### Requirement
Starting at the top of the records below and ending with the line that contains "Page 2 : coller", print each line exactly as written, skipping the pictures.
#### Records provided
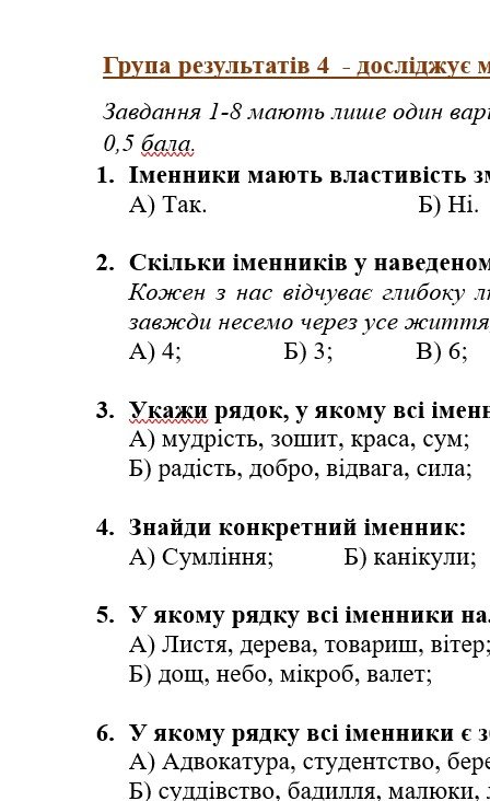 Комплексна підсумкова робота з української мови для 6 кл. Чотири групи результатів.Тема “Іменник” (ч.1.) МНП Заболотного. Теми, що охоплює КПР: іменники конкретні й абстрактні, назви істот і неістот, велика літера й лапки у власних назвах, незмінювані іменники, рід, число, відмінки іменників, поділ іменників на відміни й групи.
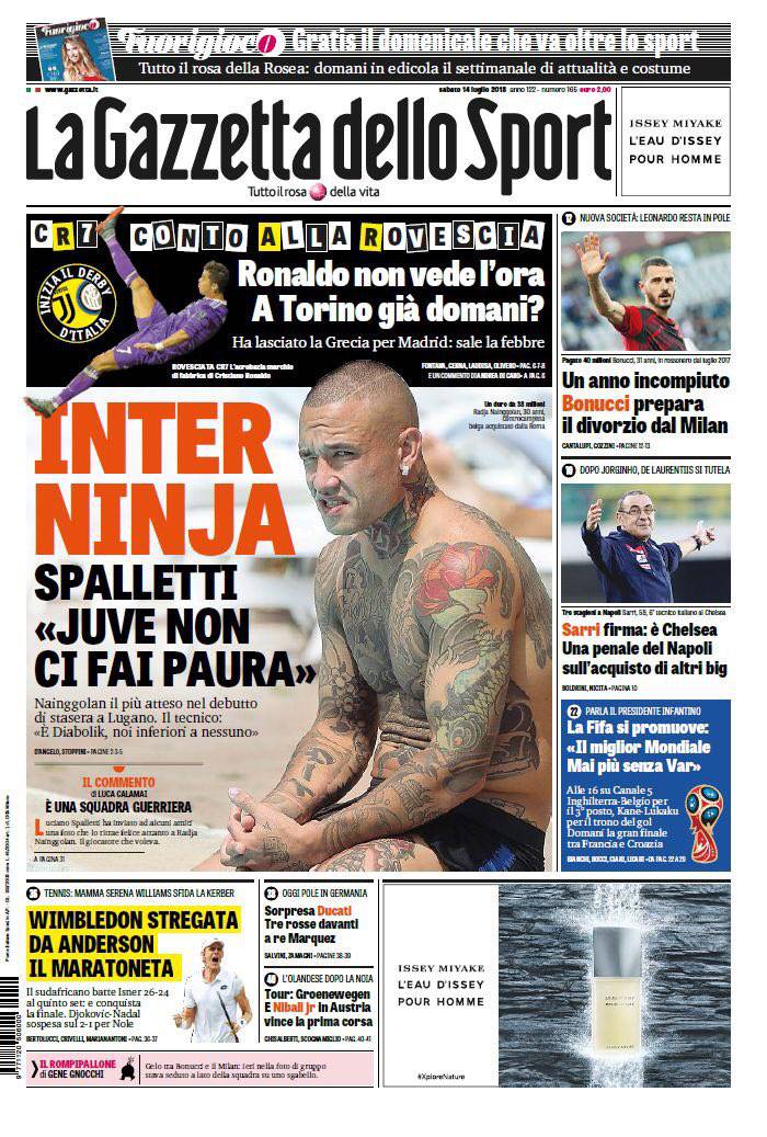 Gazzetta, Corriere dello Sport, Tuttosport: prime pagine 14 luglio 2018 14/07/2018 - 07:50 di Matteo B.
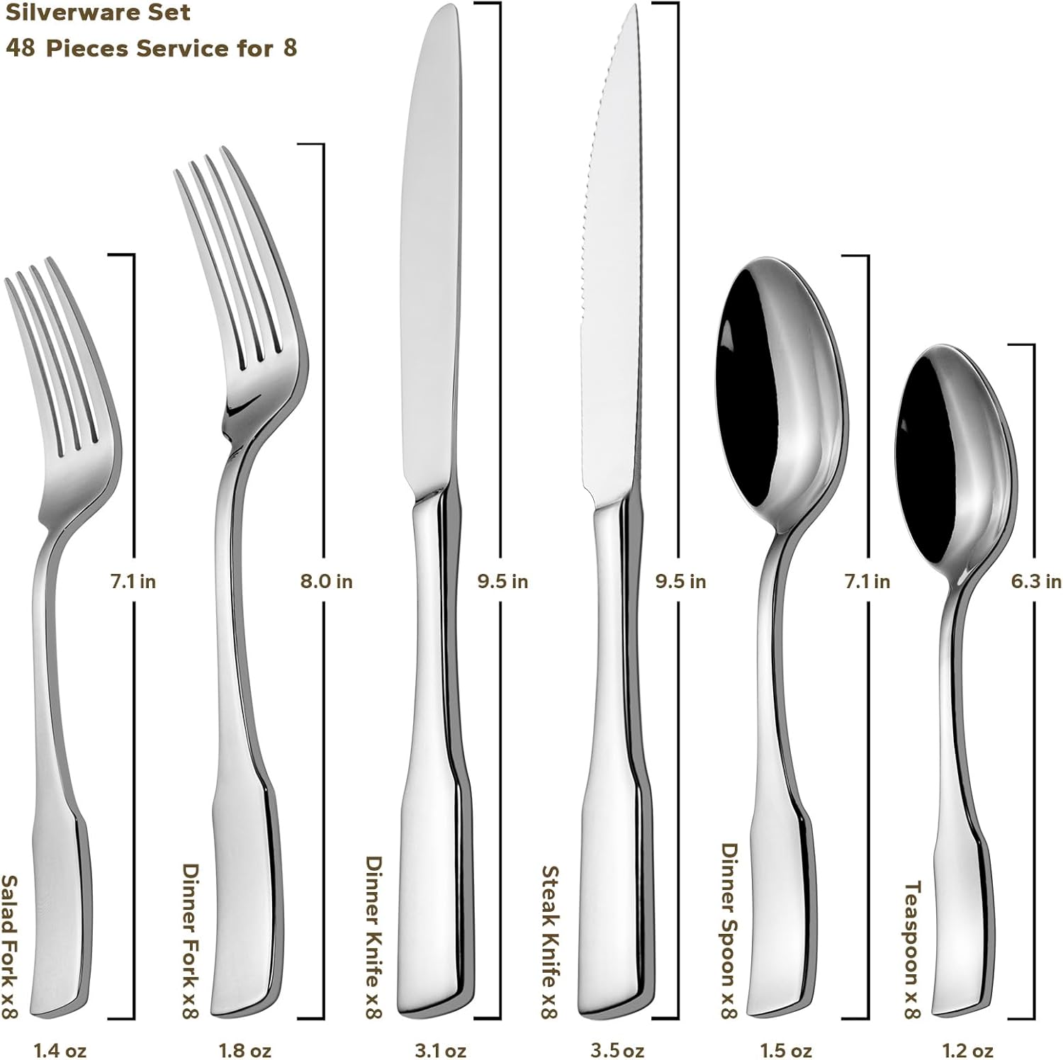 - INCLUDES: 48-piece flatware set with service for 8. Includes 8 each: dinner knife, steak knife, dinner fork, salad fork, dinner spoon and teaspoon
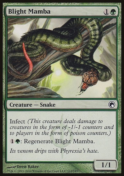 Infect (This creature deals damage to creatures in the form of -1/-1 counters and to players in the form of poison counters.) {1}{G}: Regenerate Blight Mamba.
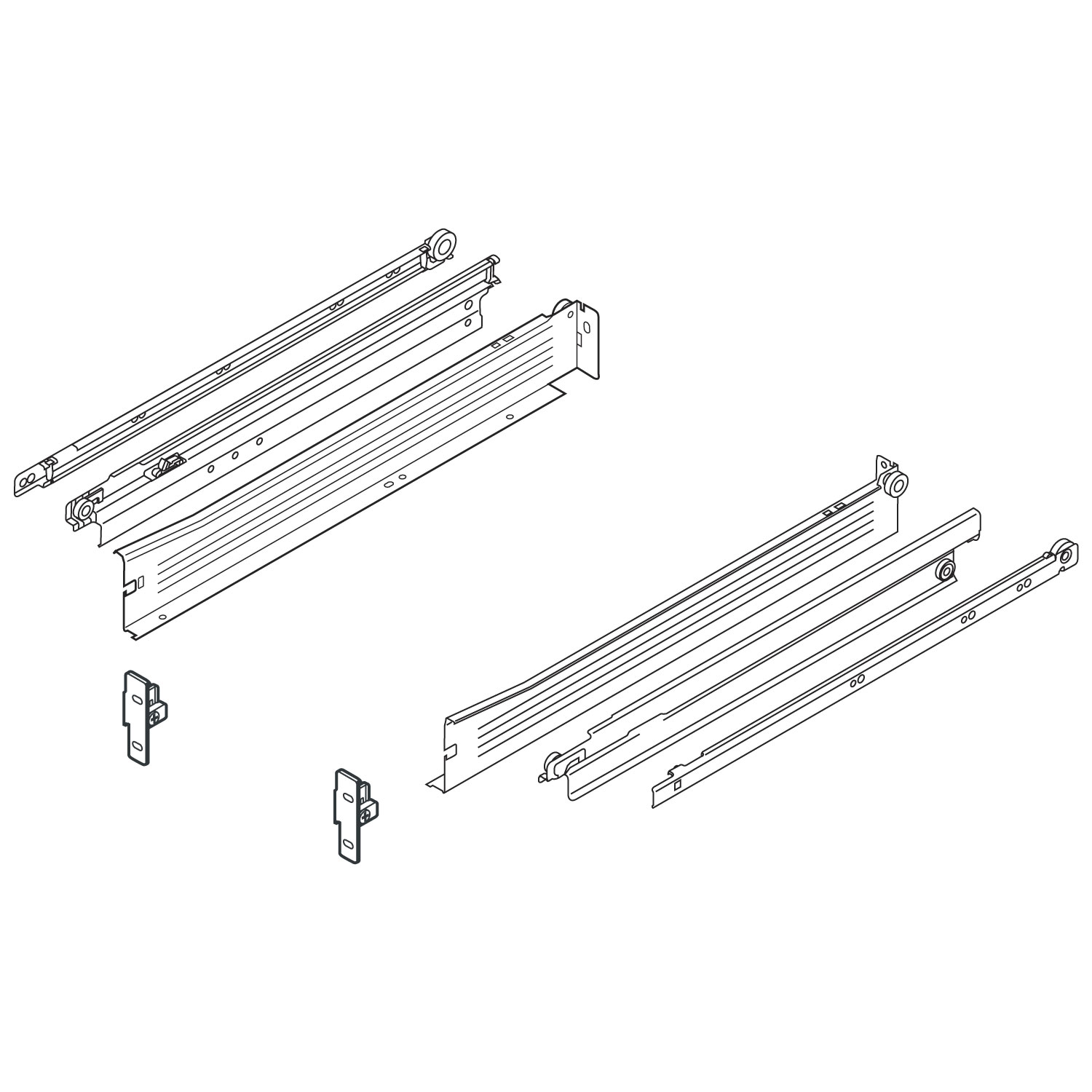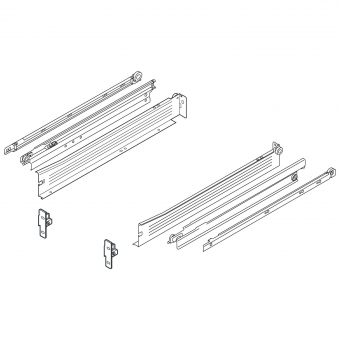 - 1 Paar Zargenführungen (rechts/links) - 1 Paar Korpusschienen (rechts/links) - 1 Paar Mittelschienen (rechts/links) - 1 Paar Standard-Frontbefestigungen (rechts/links)
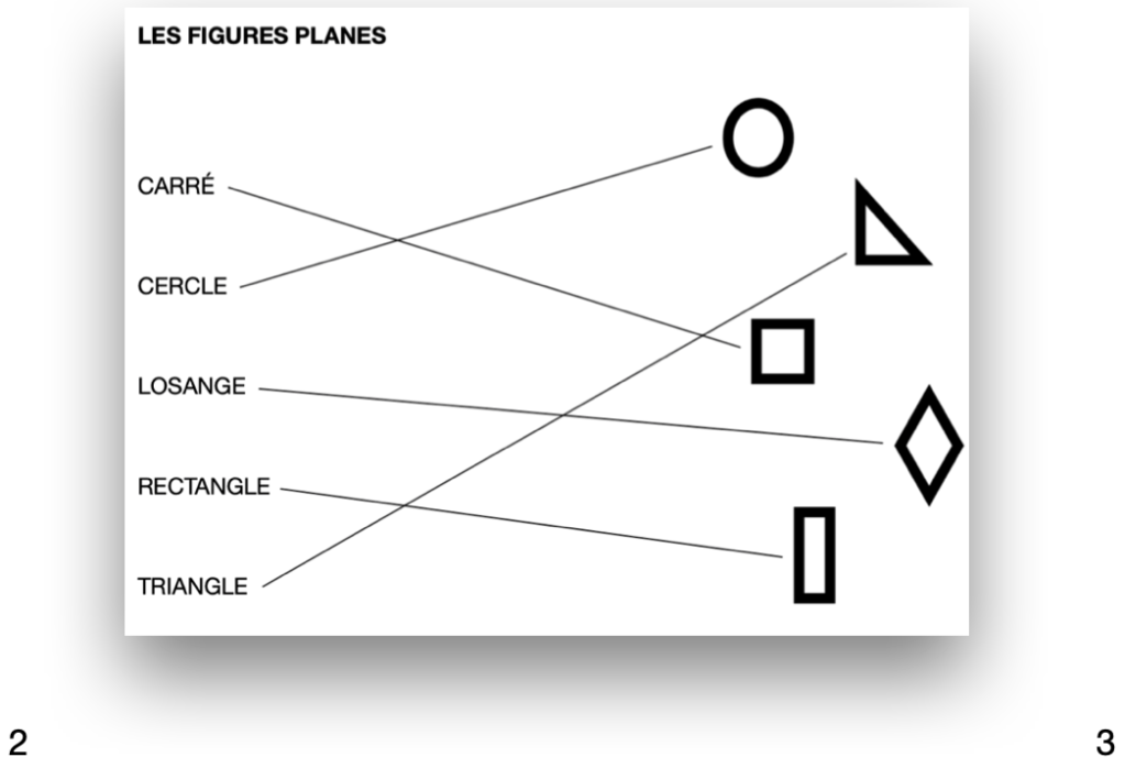 Page 2 : coller une photocopie des figures planes et leur nom ; relier les figures à leur nom.
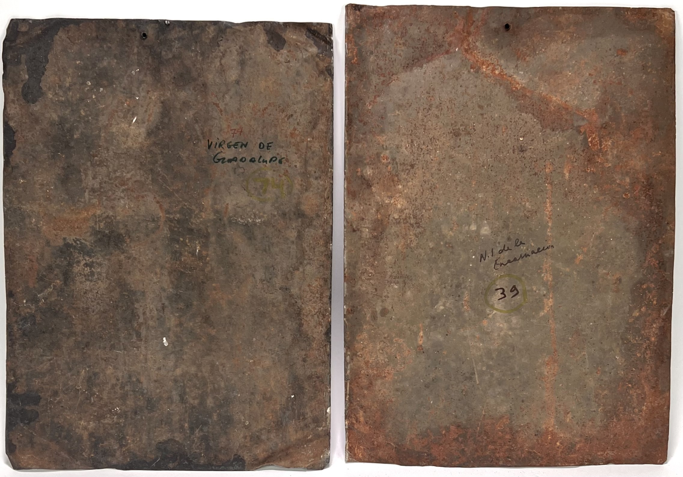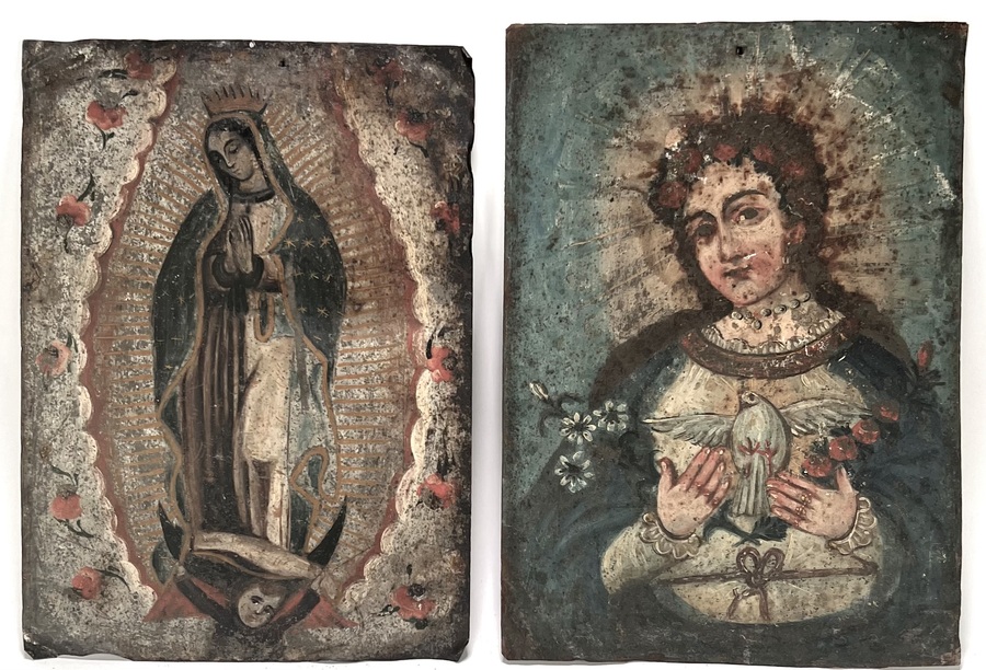 Olieverfschilderijen op tin, twee retablo’s met de Virgen de Guadalupe en Onze-Lieve-Vrouw van de Incarnatie in de negentiende-eeuwse volkskunsttraditie. De iconografie bevat karakteristieke stralenkransen, bloemmotieven en een duifsymbool tegen een atmosferische achtergrond. De achterzijde bevat handgeschreven identificaties. Deze devotionele werken dateren uit circa 1880 en hebben een herkomst uit Centraal-Mexico. Geïnteresseerd? Bezoek onze kijkdagen op 10, 11 en 12 april van 11:00 tot 17:00 uur! |
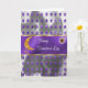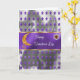 An elegant purple and silver foil card featuring an orange jewel Moon with a gold pearl carnelian charm, gold carnelian hearts necklaces and shiny purple stars.
########
### Output for this exercise
 Комплексна підсумкова робота з української мови для 6 кл. Чотири групи результатів.Тема “Іменник” (ч.1.) МНП Заболотного. Теми, що охоплює КПР: іменники конкретні й абстрактні, назви істот і неістот, велика літера й лапки у власних назвах, незмінювані іменники, рід, число, відмінки іменників, поділ іменників на відміни й групи.
 Gazzetta, Corriere dello Sport, Tuttosport: prime pagine 14 luglio 2018 14/07/2018 - 07:50 di Matteo B.
 - INCLUDES: 48-piece flatware set with service for 8. Includes 8 each: dinner knife, steak knife, dinner fork, salad fork, dinner spoon and teaspoon
 Infect (This creature deals damage to creatures in the form of -1/-1 counters and to players in the form of poison counters.) {1}{G}: Regenerate Blight Mamba.
 - 1 Paar Zargenführungen (rechts/links) - 1 Paar Korpusschienen (rechts/links) - 1 Paar Mittelschienen (rechts/links) - 1 Paar Standard-Frontbefestigungen (rechts/links)
 Page 2 : coller une photocopie des figures planes et leur nom ; relier les figures à leur nom.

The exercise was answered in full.